The story plunges private eye Scotty Bradley deep into a decades-old mystery: who killed child beauty queen Delilah Metoyer? The riddle drops on Scotty’s doorstep when former teen bully Jesse Metoyer, Delilah’s half-brother, mysteriously re-emerges from obscurity and hires Scotty and his partners to look into it. There are shades of the Jon Benet Ramsey case from the 90’s and Midnight in the Garden of Good and Evil as Scotty navigates a tangle of family secrets thicker than Spanish moss on a live oak tree.

This was a fun, light read. The mystery was satisfying and the setting and characters are unique. In the most successful aspect of the book, Herron does a fantastic job giving you the flavor of New Orleans, from the bohemian streets of the French Quarter to the stodgy upper-crust society of the Garden District. He doesn’t shy away from how the city has changed since Katrina either. Here’s Herren describing Bourbon Street:

Barkers outside outside strip joints try to lure spenders in, a guy in the hand grenade costume dances on his corner, and everywhere is the smell of Lucky Dogs and grease.

And the sedate Garden District:

If the Quarter is a painted whore, the Garden District is her much snootier and pretentious sister, narrowing her eyes disapprovingly at the immorality down the river. The people who live in those old mansions on their gorgeous lawns behind their fences will always smirk in the general direction of the Quarter, gently sipping tea from heirloom bone china cups held in white-gloved hands…although sometimes the “tea” is actually bourbon.

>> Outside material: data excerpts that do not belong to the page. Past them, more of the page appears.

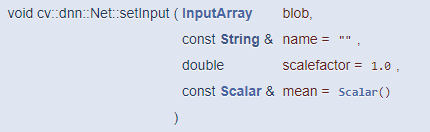 blobFromImage() 함수로 생성한 블롭 객체는 Net::setInput() 함수를 이용하여 네트워크 입력으로 설정합니다.
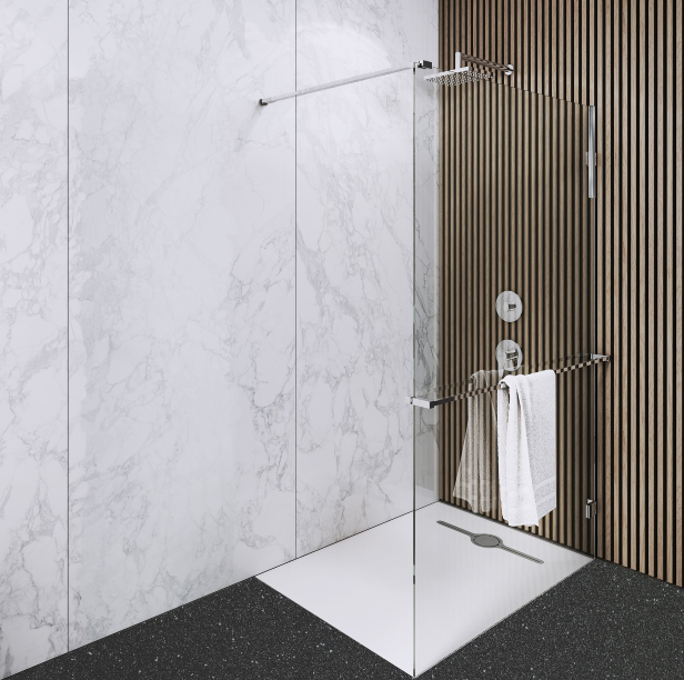 Charakteryzuje się eleganckim, nowoczesnym designem oraz ponadczasową formą z ekskluzywną maskownicą o niespotykanym innowacyjnym kształcie. Brodzik wystarczy podłączyć do kanalizacji i przykleić do posadzki, a po wyschnięciu będzie gotowy do użytku bez konieczności dodatkowego wykańczania. Fabrycznie wyprofilowane spady zapewniają odpowiednie zbieranie wody z całej jego powierzchni.
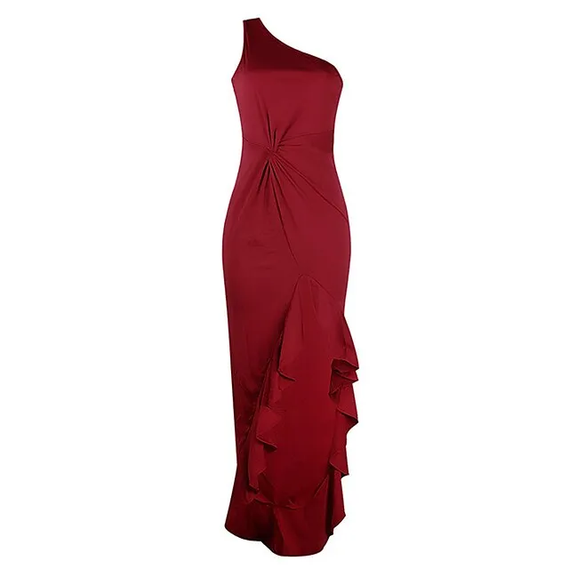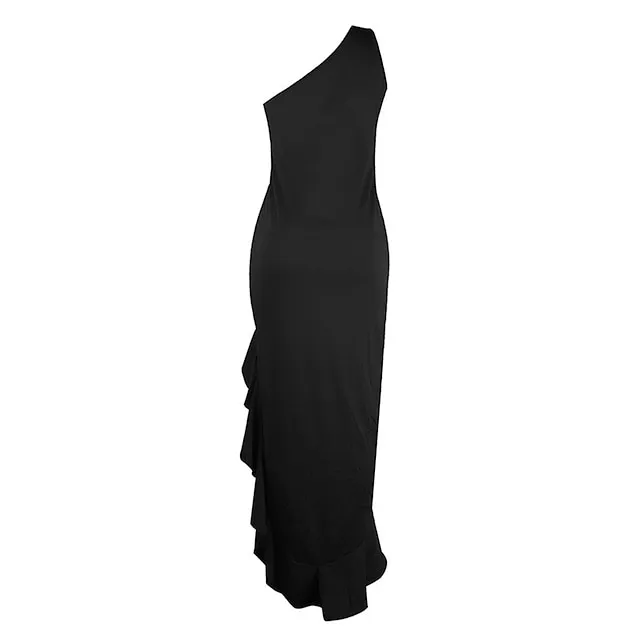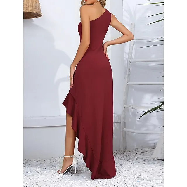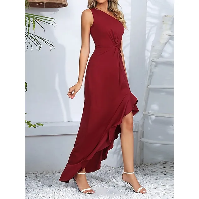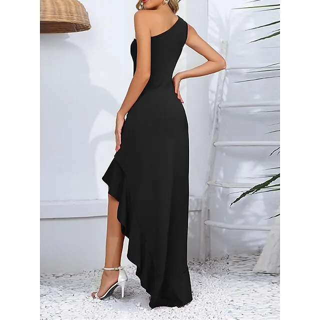 Women’s Black Dress Prom Dress Party Dress Long Dress Maxi Dress Black Red Sleeveless Plain Ruffle Summer Spring Fall One Shoulder Party Winter Dress Wedding Guest Birthday S M L XL
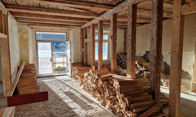 Im Inneren blieb die bauzeitliche Struktur mit der zentralen zweiläufigen Treppe und den versetzten Korridoren erhalten. Die historischen Binnenwände wurden weitgehend respektiert und wo nötig sorgfältig instandgesetzt. So bleibt die einzigartige Atmosphäre des Hauses erhalten, während moderne Anforderungen an Nutzung und Sicherheit integriert werden.
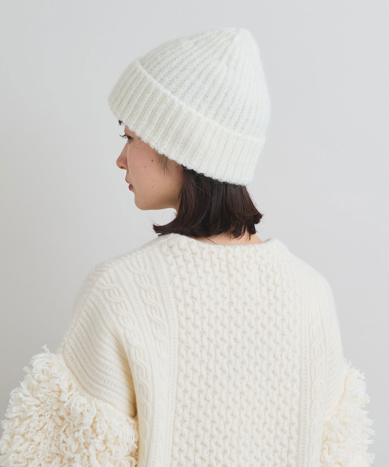 ナイロンのライト感とモヘアのヘアリー感がマッチしたオリジナル糸を使用しています。

As far as the characters, Herren has created an intriguing one in Scotty Bradley, a life-long resident of New Orleans with psychic abilities who’s also one-third of a gay polyamorous relationship. This is the first of these mysteries I’ve read and Herren successfully introduces Scotty to new readers without getting bogged down in too much exposition. Approaching forty, Scotty’s a former go-go boy dealing with the unique challenges of aging as a gay man and the loss of his psychic abilities after Katrina. He has two somewhat improbable partners, a former FBI agent turned professional wrestler and a spy. Also in their household is a college-age nephew that the trio essentially adopted after his parents kicked him out for being gay. Scotty’s parents, unabashed hippies in a persistent haze of pot smoke who run a tobacco shop, provide additional color. Assorted other eccentric New Orleans types round out the minor characters and provide the engine for the mystery.

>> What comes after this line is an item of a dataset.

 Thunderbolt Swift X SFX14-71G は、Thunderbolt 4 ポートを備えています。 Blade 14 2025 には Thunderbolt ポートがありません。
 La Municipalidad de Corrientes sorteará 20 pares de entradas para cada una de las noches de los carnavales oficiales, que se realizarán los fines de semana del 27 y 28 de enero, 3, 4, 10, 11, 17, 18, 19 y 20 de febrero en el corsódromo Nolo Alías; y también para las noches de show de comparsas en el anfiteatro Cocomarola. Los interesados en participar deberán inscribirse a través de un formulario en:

On the negative side, the aversion to a Nancy Grace-type television personality is overdone, there’s too much talk of the weather and the mystery resolves a bit precipitously. Also people are constantly smoking pot or drinking (but maybe that’s just New Orleans for you). Other than that, “Garden District Gothic” is entertaining and quick-paced and I would definitely read the other books in the series. If you’re looking for a light, entertaining mystery with gay main characters in a unique setting, I recommend it. (G-rated)

I received a free copy of this book from NetGalley in return for a review.